The tax has a complex history, involving periods of implementation, abolition, and ongoing debates about its potential revival.
Here’s an overview of the inheritance tax in India, detailing its history, abolishment, and the discussions around its revival.
What is deceased estate and inheritance tax?
Often referred to as a deceased estate, it is made up of the assets and liabilities of the deceased.
- Usually, this estate consists of anything from real estate and assets to debts and personal items.
- However, depending on the local laws and whether the dead left a will, what happens to these assets and obligations might differ greatly.
- Managing and allocating these assets following the decedent’s desires or the rules of intestacy (if a will is absent) is the duty of the executor or administrator of the deceased, whom the decedent or the court may have chosen.
In contrast, inheritance tax is a charge placed on transferring assets from a deceased person to their heirs.
- It is often referred to as estate tax or death duty in certain jurisdictions.
- The relationship between the dead and the beneficiary, the entire worth of the estate, and the tax regulations of the jurisdiction can all affect the tax, which is normally based on the value of the transferred assets.
How is inheritance tax calculated?
The first step in dealing with a deceased estate is often to determine its total value.
- This involves assessing the value of all assets owned by the deceased, including real estate, investments, bank accounts, vehicles, and personal belongings, while also considering any outstanding debts or liabilities.
- Whether or not inheritance tax applies depends on several factors, including the total value of the estate and the laws of the jurisdiction.
- In some places, certain beneficiaries, such as spouses or children, may be exempt from paying inheritance tax or may receive a reduced tax rate.
History of Inheritance Tax in India
Implementation (1953):
- Inheritance tax was introduced in India in 1953 under the Estate Duty Act.
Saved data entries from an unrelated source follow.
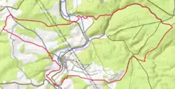 L'occupation des sols de la commune, telle qu'elle ressort de la base de données européenne d’occupation biophysique des sols Corine Land Cover (CLC), est marquée par l'importance des forêts et milieux semi-naturels (62 % en 2018), en diminution par rapport à 1990 (63,3 %). La répartition détaillée en 2018 est la suivante : forêts (56,6 %), terres arables (31,4 %), milieux à végétation arbustive et/ou herbacée (5,4 %), cultures permanentes (3 %), zones urbanisées (1,5 %), prairies (1,2 %), zones agricoles hétérogènes (0,9 %)[11]. L'évolution de l’occupation des sols de la commune et de ses infrastructures peut être observée sur les différentes représentations cartographiques du territoire : la carte de Cassini (XVIIIe siècle), la carte d'état-major (1820-1866) et les cartes ou photos aériennes de l'IGN pour la période actuelle (1950 à aujourd'hui)[Carte 1].
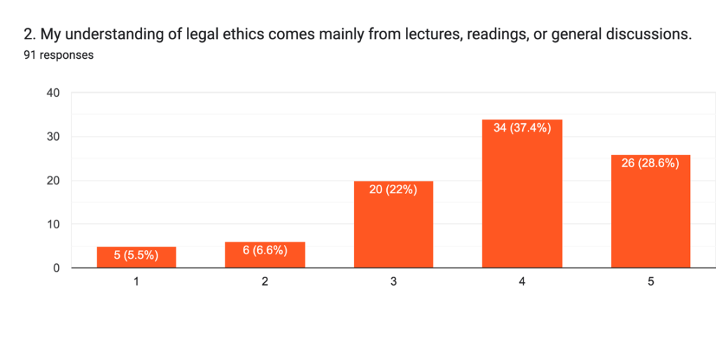 While most indicated that they had studied and understood ethical rules during the professional law course, a significant number did not feel fully prepared to navigate ethical dilemmas at the start of their careers.
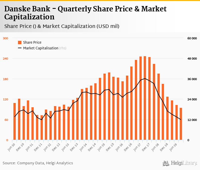 Danske Bank stock traded at 95.3 per share at the end of third quarter of 2019 implying a market capitalization of USD 11,877 mil.
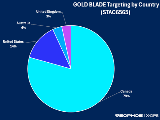 Figure: GOLD BLADE targeting by country from February 2024 through August 2025/Sophos.com
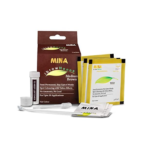 Mina Ibrow Henna Medium Brown Regular pack will give your hair a beautiful and elegant Medium Brown coloration effect. This Ibrow henna kit contains 3 sachets of ibrow henna powder where one sachets can color up to 8-10 sets this means one box can color 25-30 sets. This will effectively covers resistant grey and also gives the spot coloring with coloring effects to the ibrow. The Mina ibrow henna has no ammonia, no lead and free of all heavy metals. The kit contains: 3 sachets of ibrow henna powder, Measuring cup, Spatula,Bottle to keep leftover ibrow henna powder, instruction leaflet, dropper.
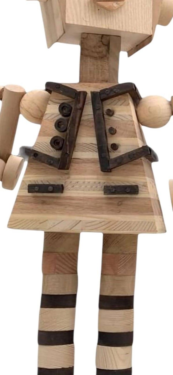 Son regard doux, ses bras articulés et ses détails sculptés témoignent d’un travail minutieux et profondément humain. Une pièce qui évoque l’enfance, le futur rêvé, et la beauté d’un artisanat chargé d’âme.
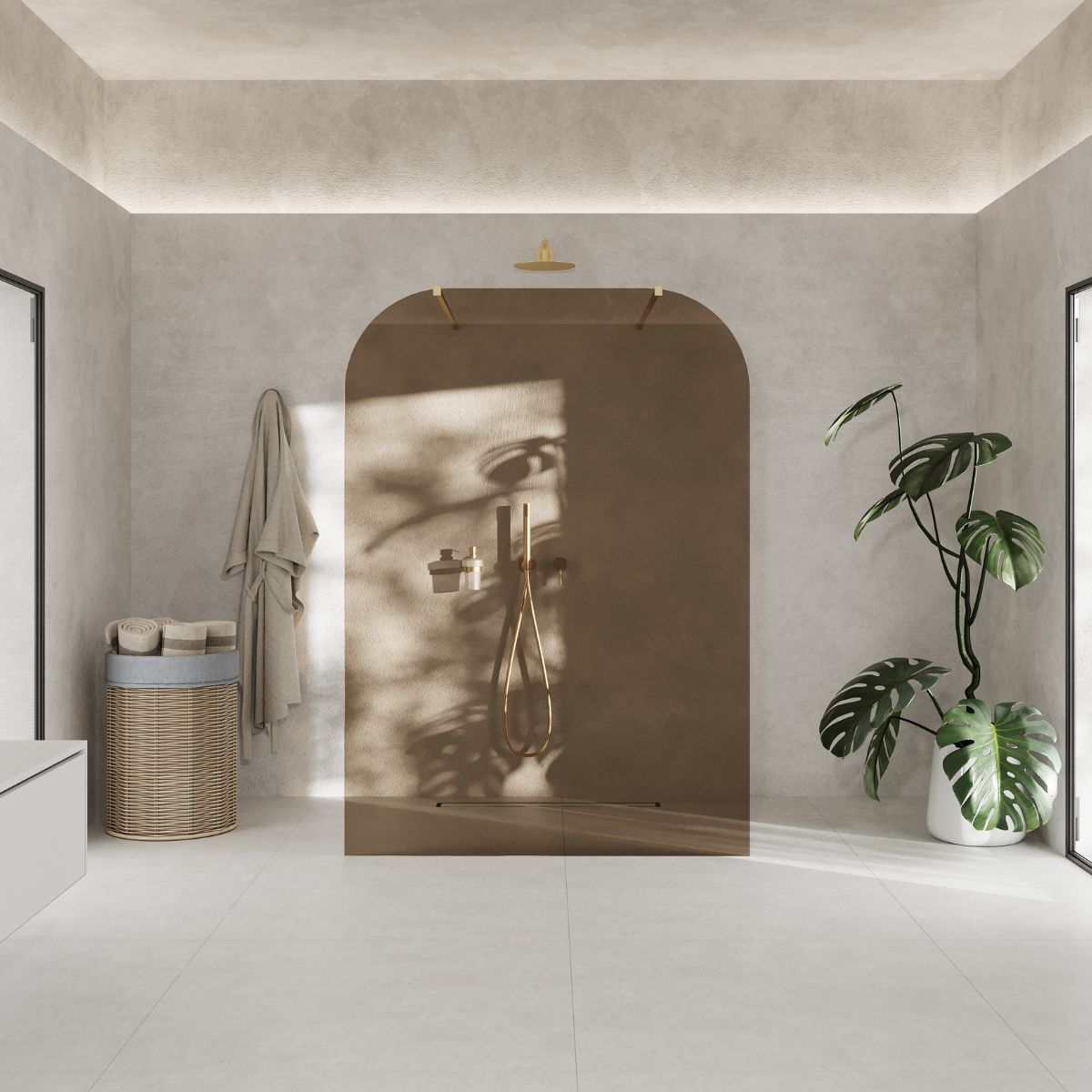 Geometryczne i zarazem miękkie. Dwa łagodne zaokrąglenia naroży sprawiają, że ścianka staje się niemal rzeźbą światła i koloru. Ten subtelny detal wpisuje się w trendy soft-minimalism i japandi, nadając łazience poczucie harmonii i przytulności.

- The tax was imposed on the principal value of the estate that exceeded a certain amount, passing to beneficiaries after the death of an individual.
- The rates were progressive, depending on the relationship of the heir to the deceased and the value of the estate.
- The primary aim of introducing inheritance tax was to reduce wealth inequality and redistribute wealth. It was also seen as a measure to raise revenue for the government.
Abolishment (1985):
The tax was abolished in 1985 during the government of Prime Minister Rajiv Gandhi. The reasons for the abolition included:
- Administrative and enforcement challenges, lead to high costs and low efficiency.
- The tax was perceived as encouraging capital flight and discouraging investment, as wealthy individuals sought ways to avoid the tax through various means.
- It was also seen as contributing to tax evasion and encouraging the undervaluation of assets.
Impact:
- The abolition was welcomed by many as it was believed to encourage wealth creation and remove a layer of taxation that was deemed unfair by some, particularly those who viewed it as double taxation since the assets had often already been taxed during the lifetime of the deceased.
Revival Attempts and Current Debates
Economic Arguments for Revival:
In recent years, there have been calls from various quarters, including economists and policymakers, to reintroduce inheritance tax in India.
The arguments for its revival often include:
- Addressing the rising wealth inequality in India.
- Generating additional revenue for the government to fund social welfare programs.
- Aligning with global practices, many countries, including the United States and the United Kingdom, have some form of estate or inheritance tax.
Political and Public Response:
- The idea of reintroducing an inheritance tax is politically sensitive and has received mixed reactions.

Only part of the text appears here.